Repeat the data exactly. Pictures stay out.

▸ Data shown
Start of Block

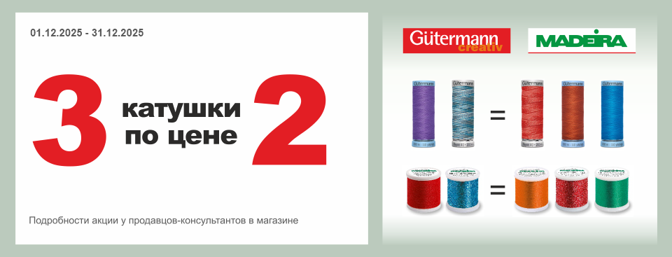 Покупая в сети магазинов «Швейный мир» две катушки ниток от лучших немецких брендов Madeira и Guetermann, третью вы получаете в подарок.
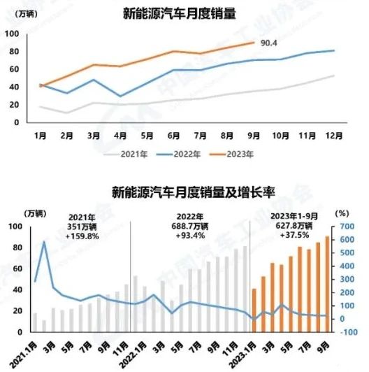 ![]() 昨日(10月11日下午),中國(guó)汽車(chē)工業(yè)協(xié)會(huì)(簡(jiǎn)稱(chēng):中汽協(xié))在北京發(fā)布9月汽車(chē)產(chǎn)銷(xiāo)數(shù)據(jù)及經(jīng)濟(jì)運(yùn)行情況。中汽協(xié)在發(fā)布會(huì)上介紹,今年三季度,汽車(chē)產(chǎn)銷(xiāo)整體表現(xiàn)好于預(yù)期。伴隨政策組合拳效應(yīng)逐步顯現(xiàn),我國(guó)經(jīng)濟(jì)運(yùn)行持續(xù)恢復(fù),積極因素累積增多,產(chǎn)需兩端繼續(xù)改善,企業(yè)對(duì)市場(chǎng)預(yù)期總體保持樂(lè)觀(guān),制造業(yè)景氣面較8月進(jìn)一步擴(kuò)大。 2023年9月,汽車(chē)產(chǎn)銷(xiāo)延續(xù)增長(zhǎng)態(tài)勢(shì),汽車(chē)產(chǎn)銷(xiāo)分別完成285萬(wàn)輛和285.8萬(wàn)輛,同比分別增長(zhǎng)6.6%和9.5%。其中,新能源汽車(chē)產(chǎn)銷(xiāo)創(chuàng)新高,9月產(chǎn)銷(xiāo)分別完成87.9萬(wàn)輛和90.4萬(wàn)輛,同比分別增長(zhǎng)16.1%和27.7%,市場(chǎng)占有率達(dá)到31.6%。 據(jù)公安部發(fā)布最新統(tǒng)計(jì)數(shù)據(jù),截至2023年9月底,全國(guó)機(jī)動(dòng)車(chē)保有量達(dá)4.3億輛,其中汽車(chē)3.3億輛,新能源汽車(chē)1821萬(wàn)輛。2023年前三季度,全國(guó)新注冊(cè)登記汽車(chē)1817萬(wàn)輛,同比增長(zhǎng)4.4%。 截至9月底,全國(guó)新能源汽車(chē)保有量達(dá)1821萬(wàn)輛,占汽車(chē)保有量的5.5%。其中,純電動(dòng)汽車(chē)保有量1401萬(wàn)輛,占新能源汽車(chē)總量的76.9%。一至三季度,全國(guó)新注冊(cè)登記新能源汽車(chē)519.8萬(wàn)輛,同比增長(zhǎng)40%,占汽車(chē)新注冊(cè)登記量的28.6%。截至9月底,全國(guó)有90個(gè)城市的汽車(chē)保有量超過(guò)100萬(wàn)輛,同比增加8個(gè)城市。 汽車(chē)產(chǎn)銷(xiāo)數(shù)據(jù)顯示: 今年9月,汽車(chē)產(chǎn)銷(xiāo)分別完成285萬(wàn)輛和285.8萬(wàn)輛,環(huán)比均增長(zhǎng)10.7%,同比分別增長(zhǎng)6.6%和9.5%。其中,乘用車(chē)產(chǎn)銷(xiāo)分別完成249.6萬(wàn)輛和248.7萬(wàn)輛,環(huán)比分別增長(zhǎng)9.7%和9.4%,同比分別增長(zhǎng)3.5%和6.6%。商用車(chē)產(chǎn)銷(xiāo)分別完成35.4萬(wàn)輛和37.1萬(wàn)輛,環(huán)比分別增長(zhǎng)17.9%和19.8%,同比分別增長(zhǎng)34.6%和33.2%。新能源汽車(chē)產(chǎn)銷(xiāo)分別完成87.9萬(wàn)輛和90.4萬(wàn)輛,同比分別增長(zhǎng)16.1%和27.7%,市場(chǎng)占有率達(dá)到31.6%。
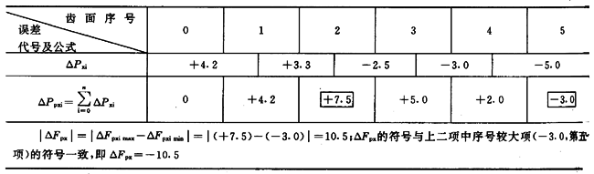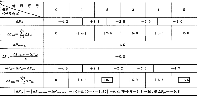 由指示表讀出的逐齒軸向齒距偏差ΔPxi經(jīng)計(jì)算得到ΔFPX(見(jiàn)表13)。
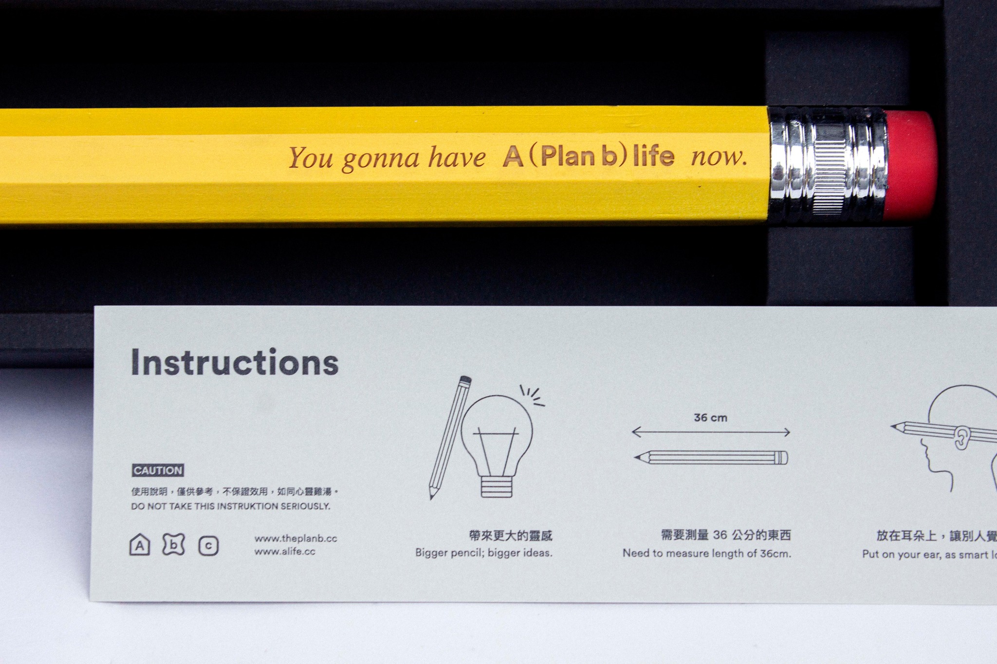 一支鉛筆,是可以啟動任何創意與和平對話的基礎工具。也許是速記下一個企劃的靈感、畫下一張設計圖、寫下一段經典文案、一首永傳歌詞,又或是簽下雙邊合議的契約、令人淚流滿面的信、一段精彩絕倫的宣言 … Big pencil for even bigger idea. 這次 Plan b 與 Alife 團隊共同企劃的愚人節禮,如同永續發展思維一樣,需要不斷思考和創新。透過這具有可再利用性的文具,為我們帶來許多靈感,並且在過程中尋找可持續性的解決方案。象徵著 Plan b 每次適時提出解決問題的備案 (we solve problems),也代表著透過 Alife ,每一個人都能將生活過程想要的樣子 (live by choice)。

End of Block

▸ Task response
 Покупая в сети магазинов «Швейный мир» две катушки ниток от лучших немецких брендов Madeira и Guetermann, третью вы получаете в подарок.
 ![]() 昨日(10月11日下午),中國(guó)汽車(chē)工業(yè)協(xié)會(huì)(簡(jiǎn)稱(chēng):中汽協(xié))在北京發(fā)布9月汽車(chē)產(chǎn)銷(xiāo)數(shù)據(jù)及經(jīng)濟(jì)運(yùn)行情況。中汽協(xié)在發(fā)布會(huì)上介紹,今年三季度,汽車(chē)產(chǎn)銷(xiāo)整體表現(xiàn)好于預(yù)期。伴隨政策組合拳效應(yīng)逐步顯現(xiàn),我國(guó)經(jīng)濟(jì)運(yùn)行持續(xù)恢復(fù),積極因素累積增多,產(chǎn)需兩端繼續(xù)改善,企業(yè)對(duì)市場(chǎng)預(yù)期總體保持樂(lè)觀(guān),制造業(yè)景氣面較8月進(jìn)一步擴(kuò)大。 2023年9月,汽車(chē)產(chǎn)銷(xiāo)延續(xù)增長(zhǎng)態(tài)勢(shì),汽車(chē)產(chǎn)銷(xiāo)分別完成285萬(wàn)輛和285.8萬(wàn)輛,同比分別增長(zhǎng)6.6%和9.5%。其中,新能源汽車(chē)產(chǎn)銷(xiāo)創(chuàng)新高,9月產(chǎn)銷(xiāo)分別完成87.9萬(wàn)輛和90.4萬(wàn)輛,同比分別增長(zhǎng)16.1%和27.7%,市場(chǎng)占有率達(dá)到31.6%。 據(jù)公安部發(fā)布最新統(tǒng)計(jì)數(shù)據(jù),截至2023年9月底,全國(guó)機(jī)動(dòng)車(chē)保有量達(dá)4.3億輛,其中汽車(chē)3.3億輛,新能源汽車(chē)1821萬(wàn)輛。2023年前三季度,全國(guó)新注冊(cè)登記汽車(chē)1817萬(wàn)輛,同比增長(zhǎng)4.4%。 截至9月底,全國(guó)新能源汽車(chē)保有量達(dá)1821萬(wàn)輛,占汽車(chē)保有量的5.5%。其中,純電動(dòng)汽車(chē)保有量1401萬(wàn)輛,占新能源汽車(chē)總量的76.9%。一至三季度,全國(guó)新注冊(cè)登記新能源汽車(chē)519.8萬(wàn)輛,同比增長(zhǎng)40%,占汽車(chē)新注冊(cè)登記量的28.6%。截至9月底,全國(guó)有90個(gè)城市的汽車(chē)保有量超過(guò)100萬(wàn)輛,同比增加8個(gè)城市。 汽車(chē)產(chǎn)銷(xiāo)數(shù)據(jù)顯示: 今年9月,汽車(chē)產(chǎn)銷(xiāo)分別完成285萬(wàn)輛和285.8萬(wàn)輛,環(huán)比均增長(zhǎng)10.7%,同比分別增長(zhǎng)6.6%和9.5%。其中,乘用車(chē)產(chǎn)銷(xiāo)分別完成249.6萬(wàn)輛和248.7萬(wàn)輛,環(huán)比分別增長(zhǎng)9.7%和9.4%,同比分別增長(zhǎng)3.5%和6.6%。商用車(chē)產(chǎn)銷(xiāo)分別完成35.4萬(wàn)輛和37.1萬(wàn)輛,環(huán)比分別增長(zhǎng)17.9%和19.8%,同比分別增長(zhǎng)34.6%和33.2%。新能源汽車(chē)產(chǎn)銷(xiāo)分別完成87.9萬(wàn)輛和90.4萬(wàn)輛,同比分別增長(zhǎng)16.1%和27.7%,市場(chǎng)占有率達(dá)到31.6%。
 由指示表讀出的逐齒軸向齒距偏差ΔPxi經(jīng)計(jì)算得到ΔFPX(見(jiàn)表13)。
 一支鉛筆,是可以啟動任何創意與和平對話的基礎工具。也許是速記下一個企劃的靈感、畫下一張設計圖、寫下一段經典文案、一首永傳歌詞,又或是簽下雙邊合議的契約、令人淚流滿面的信、一段精彩絕倫的宣言 … Big pencil for even bigger idea. 這次 Plan b 與 Alife 團隊共同企劃的愚人節禮,如同永續發展思維一樣,需要不斷思考和創新。透過這具有可再利用性的文具,為我們帶來許多靈感,並且在過程中尋找可持續性的解決方案。象徵著 Plan b 每次適時提出解決問題的備案 (we solve problems),也代表著透過 Alife ,每一個人都能將生活過程想要的樣子 (live by choice)。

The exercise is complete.